Lyndon Brown

Posted on Sep 12 • Originally published at prequel.dev

How I find and fix Kubernetes Exit Codes and Misconfigurations for free

Kubernetes is powerful, but troubleshooting issues in a live cluster can be painful. In a complex deployment, critical warning signs often hide in thousands of log lines and events. What if we could surface these reliability issues before they take applications down?

Preq (pronounced "preek") is an open-source tool that brings a proactive approach to Kubernetes troubleshooting. It is a reliability problem detector that checks your cluster's logs, events, and configurations against a community-driven catalog of failure patterns [1]. Using Preq, you can monitor your cluster and catch misconfigurations, anti-patterns, or bugs early, instead of discovering them during a 2 AM incident [1].

Installing preq via Krew

preq is distributed as a kubectl plugin, making it easy to install through the Kubernetes Krew plugin manager. First, ensure you have Krew set up (if not, install it from the official docs). Then install Preq with a single command:

kubectl krew install preq

Within seconds, the plugin is ready to use[1]. There's no extra configuration needed. Preq ships with the latest common reliability enumeration (CRE) rule packages baked in. It auto-updates its rules so you're always scanning for the newest issues.

Running Kubectl preq from the CLI

Once installed, you can run Preq directly via kubectl to check various Kubernetes resources and their logs:

Pods: Scan an individual pod's logs and related events. For example, kubectl preq my-pod-abc123 will fetch that pod's logs and events, then compare them against the CRE rule library. [1]

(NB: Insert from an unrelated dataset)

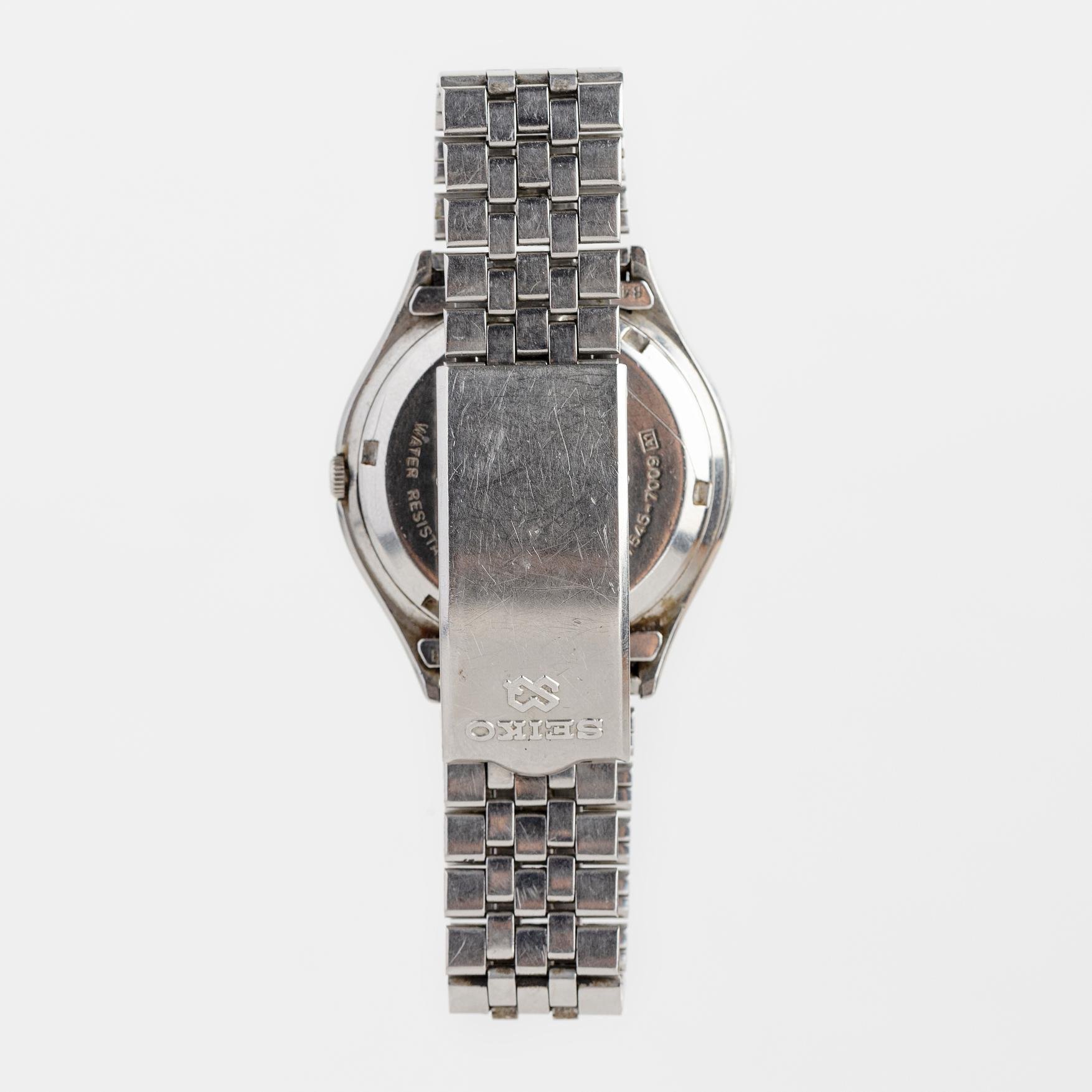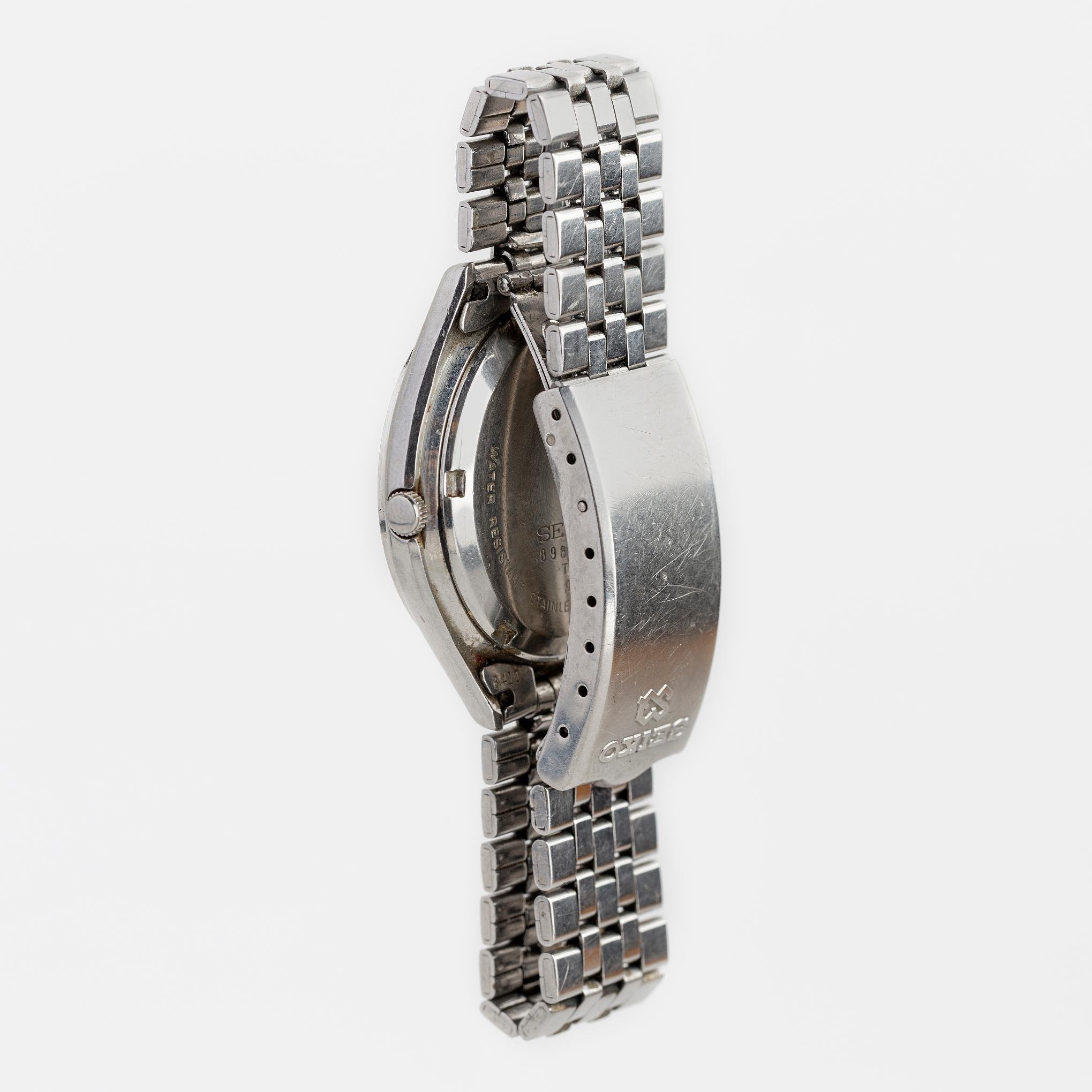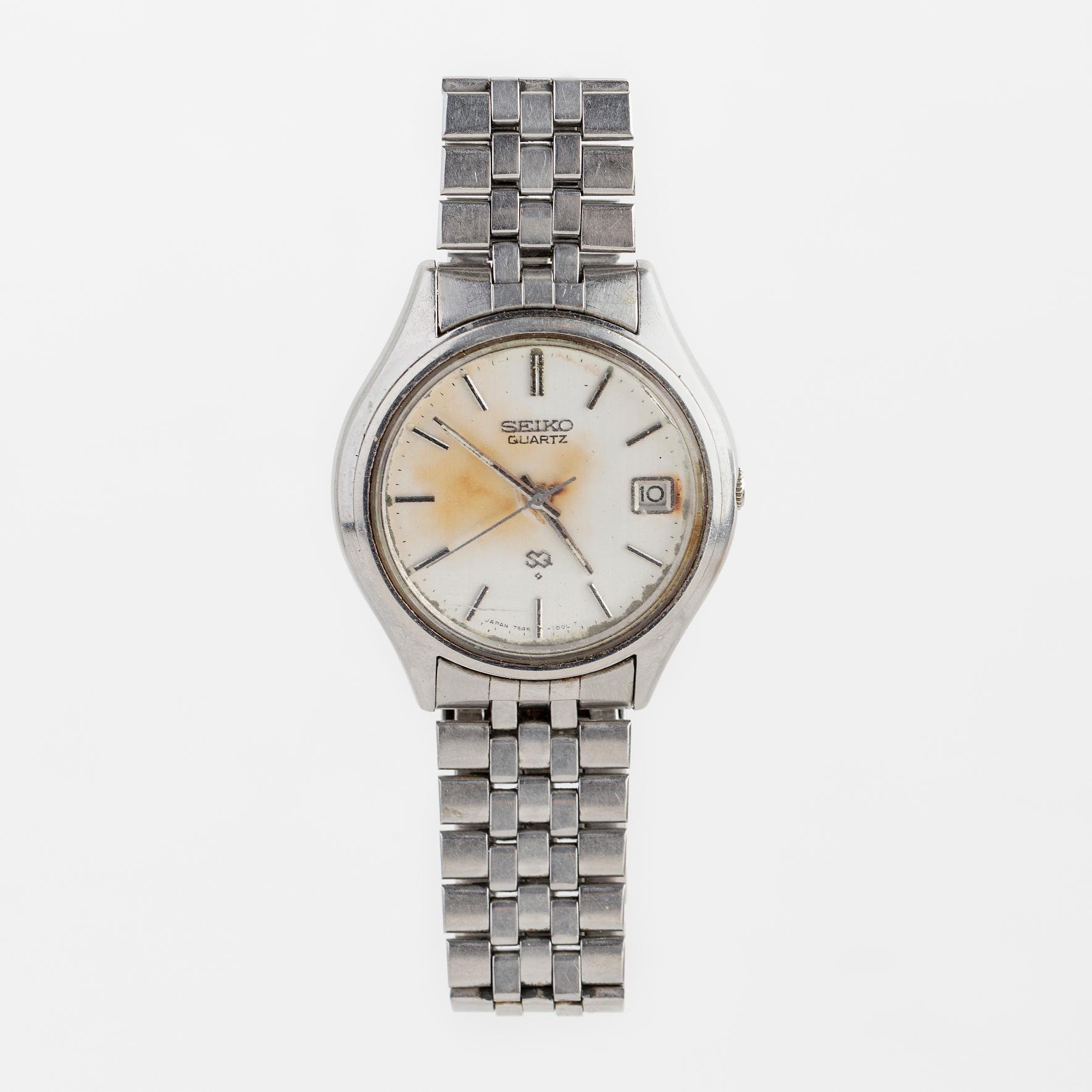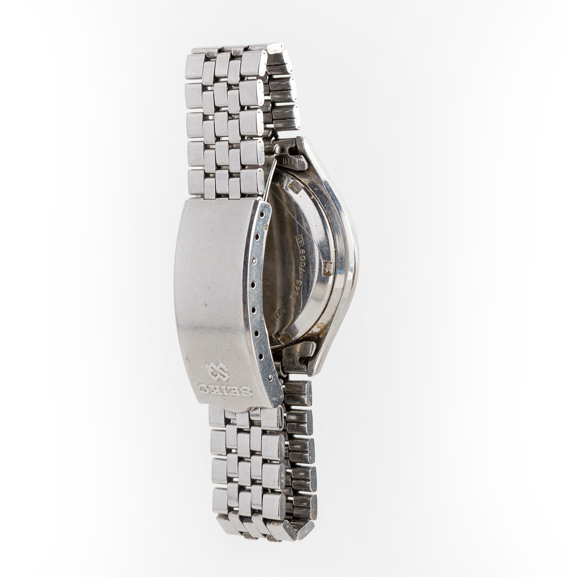 Reloj pulsera para hombre marca Seiko, a cuarzo. Esfera plateada con calendario, manchada. Caja y malla en acero inoxidable. Funcionando. Esfera con manchas.
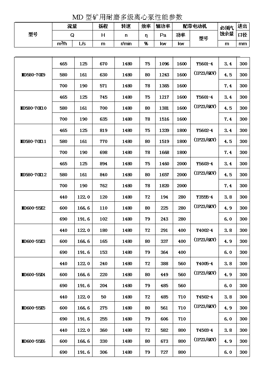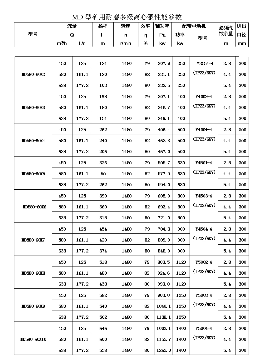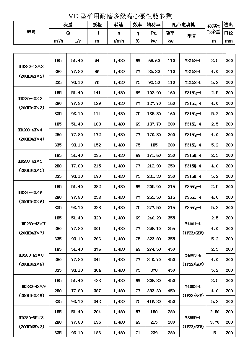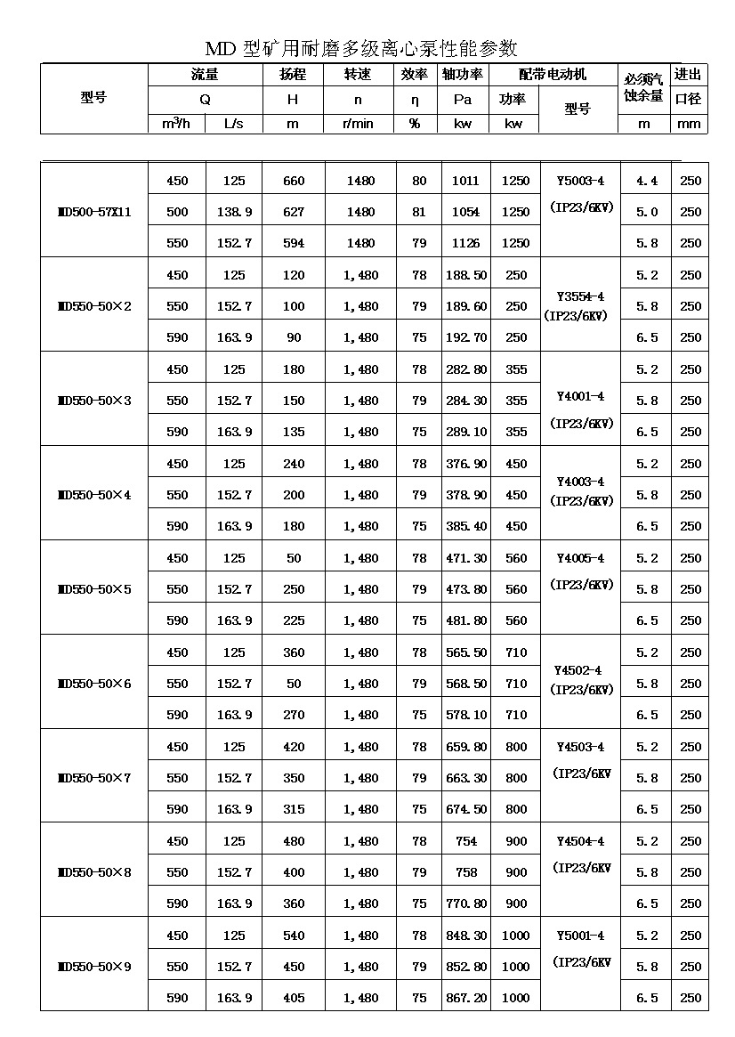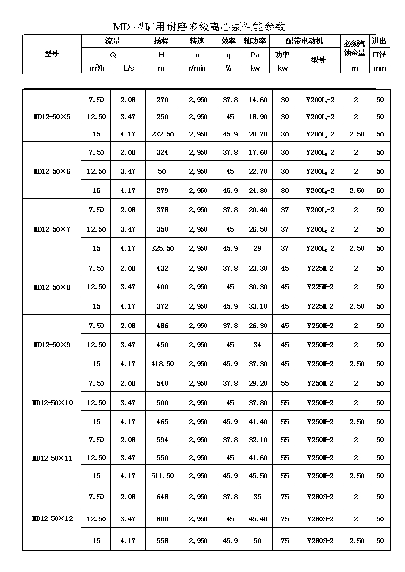 MD型耐磨多級離心泵,是我公司在D型單吸多級清水離心泵的基礎上,改造設計的一種耐磨多級離心泵。MD型耐磨多級離心泵,高效節能,耐磨可靠,壽命長, 特別適用于礦山排水,抽送固體顆粒含量不大于1.5%(顆粒直徑小于0.5毫米)的礦井水及其他類似液體,液體溫度不高于80度。

Services: Running kubectl preq service/my-service triggers Preq to assess the pods behind that Service. While Services themselves don't have logs, Preq will identify the endpoints/pods for the service and check their logs and events for known issues.

Jobs and CronJobs: Run Preq on a Job or on pods created by a CronJob to inspect execution logs and events[12].

Under the hood, the Preq plugin uses Kubernetes APIs. This means you can run Preq on any resource type that has associated logs or events, giving you a flexible "detective" for your cluster.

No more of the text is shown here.